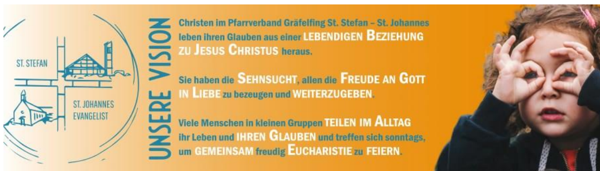
Abbildung 1: Vision des Pfarrverbands

Markus Zurl, Gregor Schweizer und Wolfgang Kustermann stellen jeweils einen Teil der Vision vor:
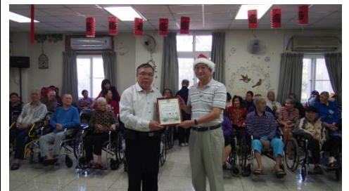
104. 12. 23 耕讀幼稚園慰訪
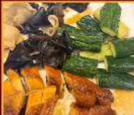
ไก่ แดงกวา เห็ดหูหนู
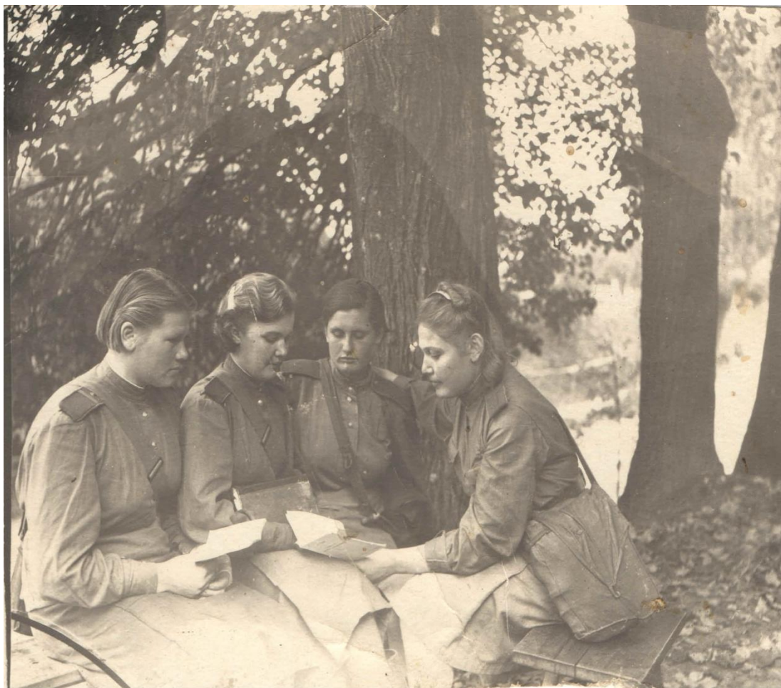
В короткие минуты отдыха
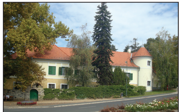
4. kép. A kastély déli oldala
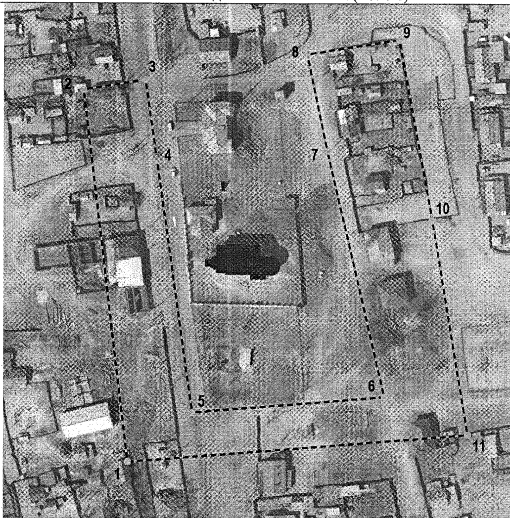
План границ единой зоны регулирования застройки и хозяйственной деятельности 1 типа (ЕЗРЗ 1)
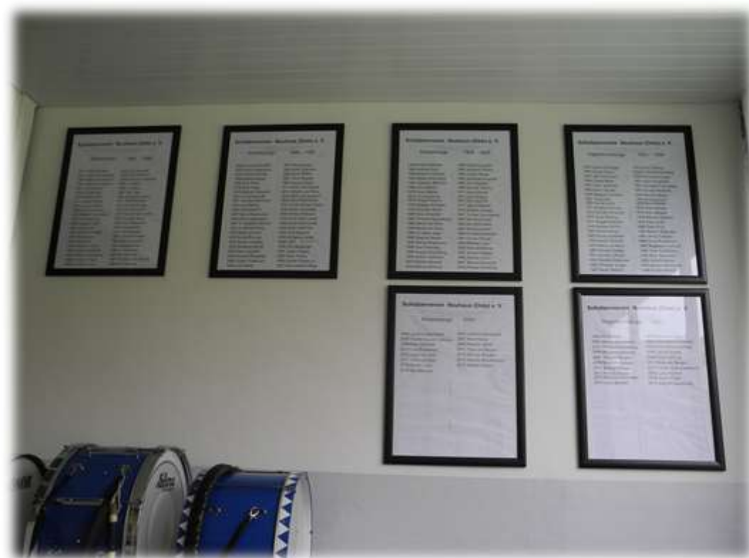
Für die Kinder sind neue Ehrentafeln angeschafft worden. Alle Kinderkönige u. Vogelstechkönige des Vereines sind hier aufgelistet.
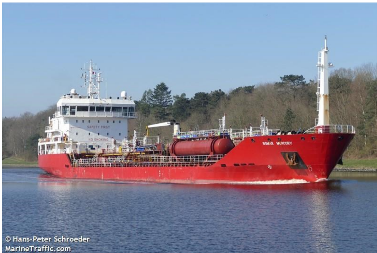
Slika 3:Tip 2 broda
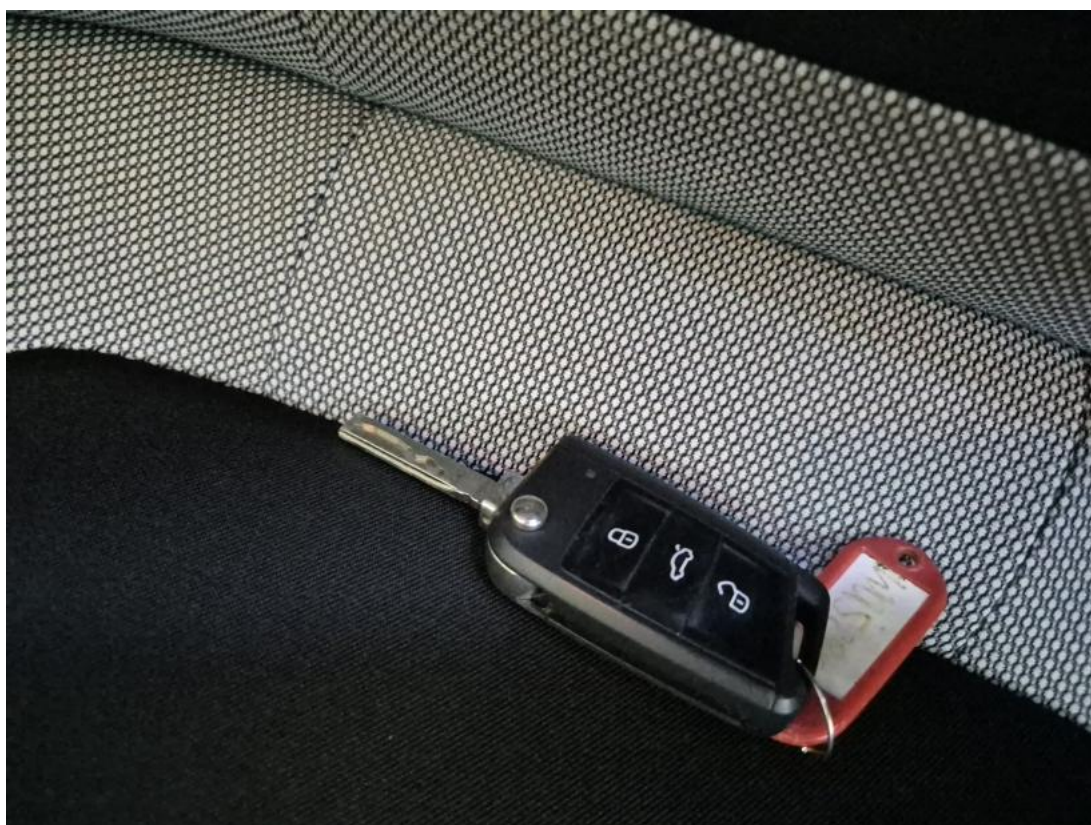
Fot. 36 Kluczyki
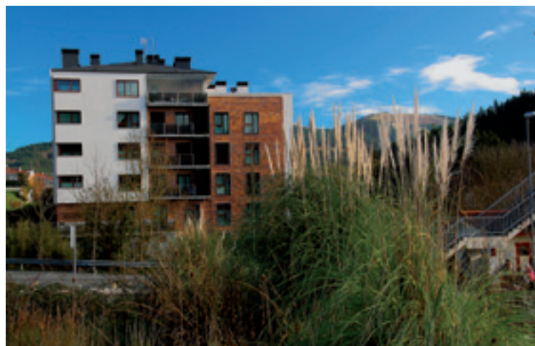
Panpa lorea Lemoan.

Jaiak 2017" esaldia agertu behar da kartelean. Sari bi egongo dira 175 eurokoak. Eskuz zein orde-nagailuz egindako kartelak onartuko dira, A4 neurrian. Kartelak egilearen sinadura barik aurkeztu behar dira.
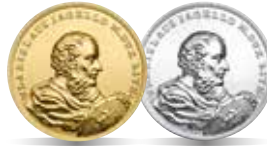
Władysław Jagiełło (1386–1434) Emisja: 3 III 2015 r.
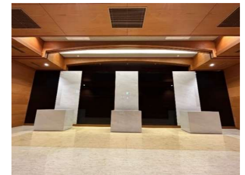
日常の参拝を行うための礼拝ホール。香炉を備えつけており、線香をあげることができます
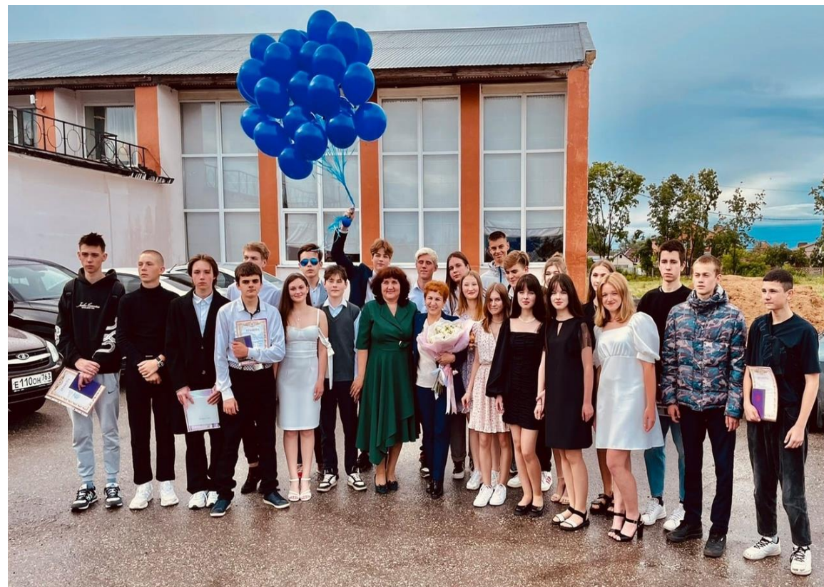
2022 год (выпуск)
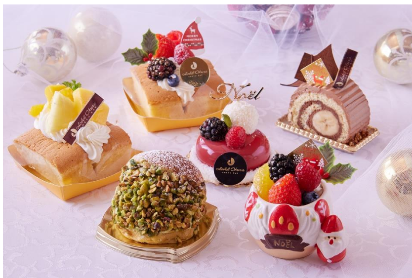
クリスマス期間限定スイーツ
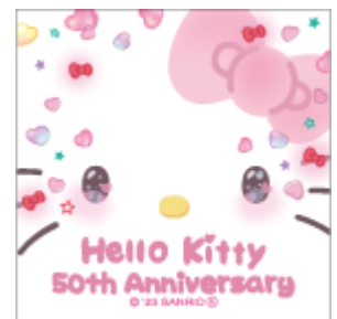
ステッカーデザイン

URL： https://www.sanrio.co.jp/news/shop/kt-50th-novelty-20231017/
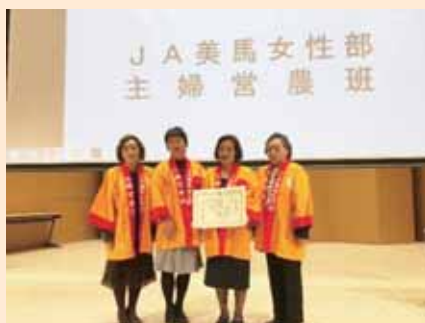
▲記念撮影の様子（JA美馬女性部主婦営農班）

11月8日、徳島市で第5回とくしま集落再生表彰の表彰式が行われ、JA美馬女性部主婦営農班が最優秀賞を受賞されました。 家庭菜園で栽培した野菜を「かあちゃん野菜」として阪急百貨店に出荷するなど、これまでの創意工夫をこらした集落再生の実現に向けた取り組みが評価されました。
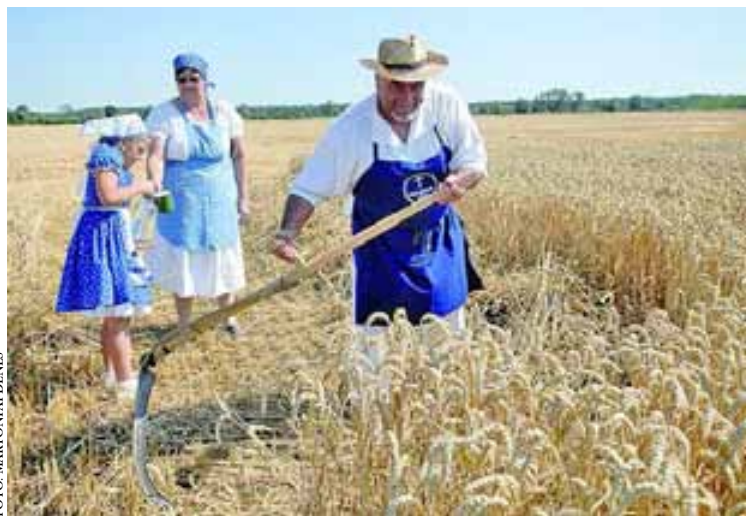
Kaszás, marokszedő és vízhordó kislány a szekszárdi aratónapon
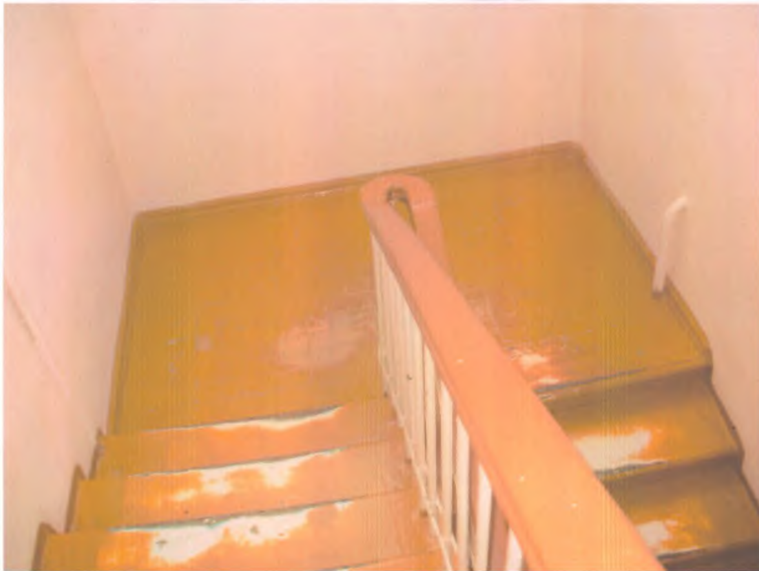
22.лестница внутри здания
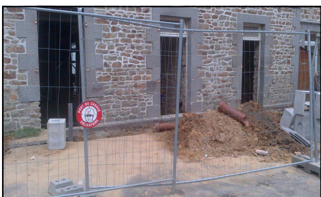
Ecole des Champs Géraux

Néanmoins comme chaque année à cette époque, il y avait foule dans la cours de l'école de la Petite Courcière, où les plus petits montraient parfois quelques signes d'anxiété en faisant leurs premiers pas dans la grande école. Les plus grands quant à eux, déjà habitués à cet exercice annuel, affichaient une mine enjouée à l'idée de retrouver copains et copines.
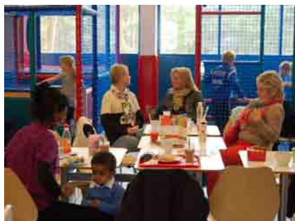
De voksne koste seg med mat og drikke i kaféen..

Mens foreldrene kunne slappe av med kaffe og smørbrød, fikk barna brenne av seg noe energi i klatretårnene med rop og latter. Til og med de minste barna så du til å like dette, der de krabbet over polstrede forhøyninger og strakte seg ut etter neste utfordring. En hyggelig dag for alle sammen.
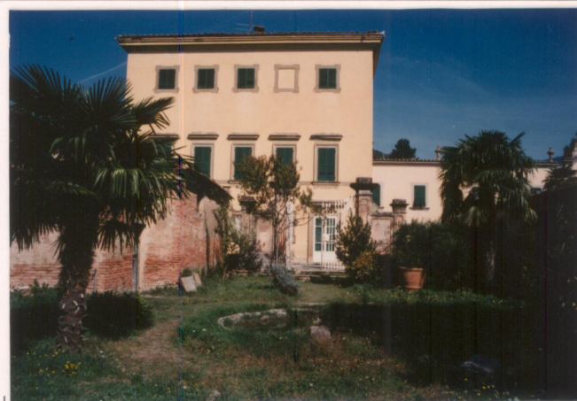
p.v. N.9... veduta dal giardino
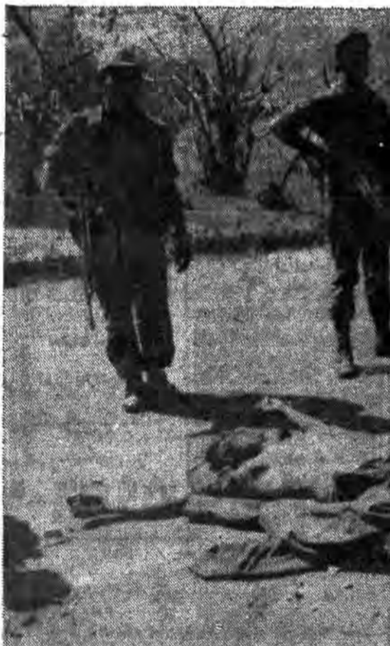
دراوج مبارزه ضد امپریالیستی نیروهای آزادی بخش سربازان ال سالوادوری خلق ستم دیده را به گلوله می بندند.
::::
- ASSIGNED TASK
Given the listing above, repeat exactly the lines starting at the one with "Néanmoins comme chaque" and ending at the one with "De voksne koste", inclusive, excluding pictures.

- EXERCISE OUTPUT
Néanmoins comme chaque année à cette époque, il y avait foule dans la cours de l'école de la Petite Courcière, où les plus petits montraient parfois quelques signes d'anxiété en faisant leurs premiers pas dans la grande école. Les plus grands quant à eux, déjà habitués à cet exercice annuel, affichaient une mine enjouée à l'idée de retrouver copains et copines.
De voksne koste seg med mat og drikke i kaféen..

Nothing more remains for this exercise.